**Collected data:**

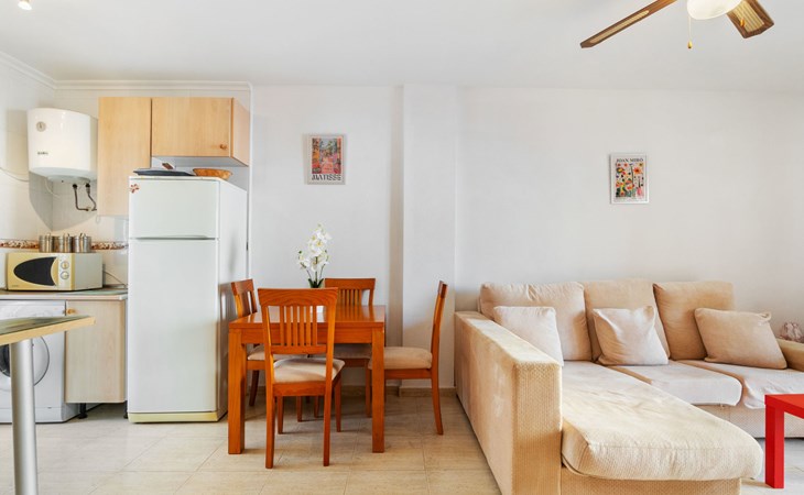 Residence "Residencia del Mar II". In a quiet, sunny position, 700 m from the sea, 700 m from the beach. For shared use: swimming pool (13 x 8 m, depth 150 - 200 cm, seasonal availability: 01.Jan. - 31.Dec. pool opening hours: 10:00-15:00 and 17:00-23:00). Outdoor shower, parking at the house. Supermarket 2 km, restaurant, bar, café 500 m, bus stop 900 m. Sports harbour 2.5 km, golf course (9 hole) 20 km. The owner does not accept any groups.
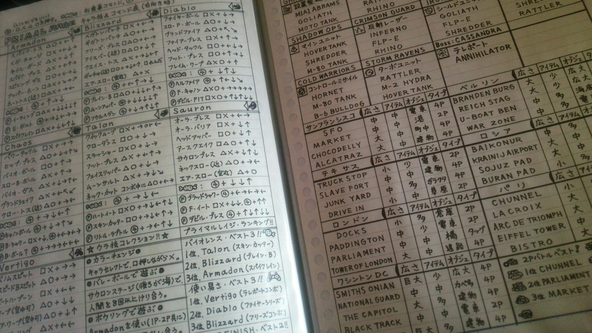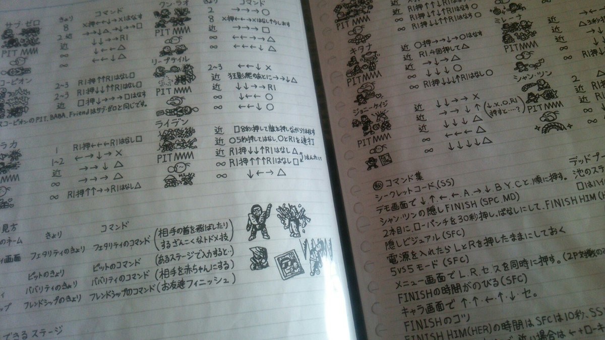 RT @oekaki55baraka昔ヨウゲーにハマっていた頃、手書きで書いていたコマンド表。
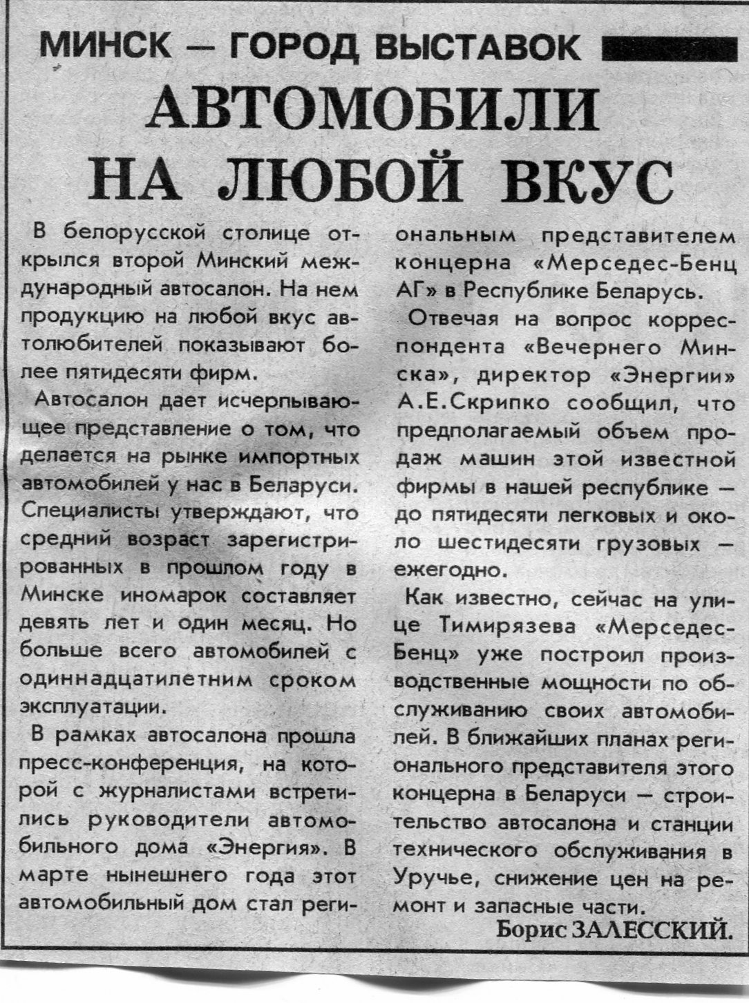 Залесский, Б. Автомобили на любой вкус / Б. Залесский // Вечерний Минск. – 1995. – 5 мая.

**What the task requires:**
An exact restatement is expected of the lines from the line containing "RT @oekaki55ba" to the end of the data above, pictures excluded.

**Solution to the exercise:**
 RT @oekaki55baraka昔ヨウゲーにハマっていた頃、手書きで書いていたコマンド表。
 Залесский, Б. Автомобили на любой вкус / Б. Залесский // Вечерний Минск. – 1995. – 5 мая.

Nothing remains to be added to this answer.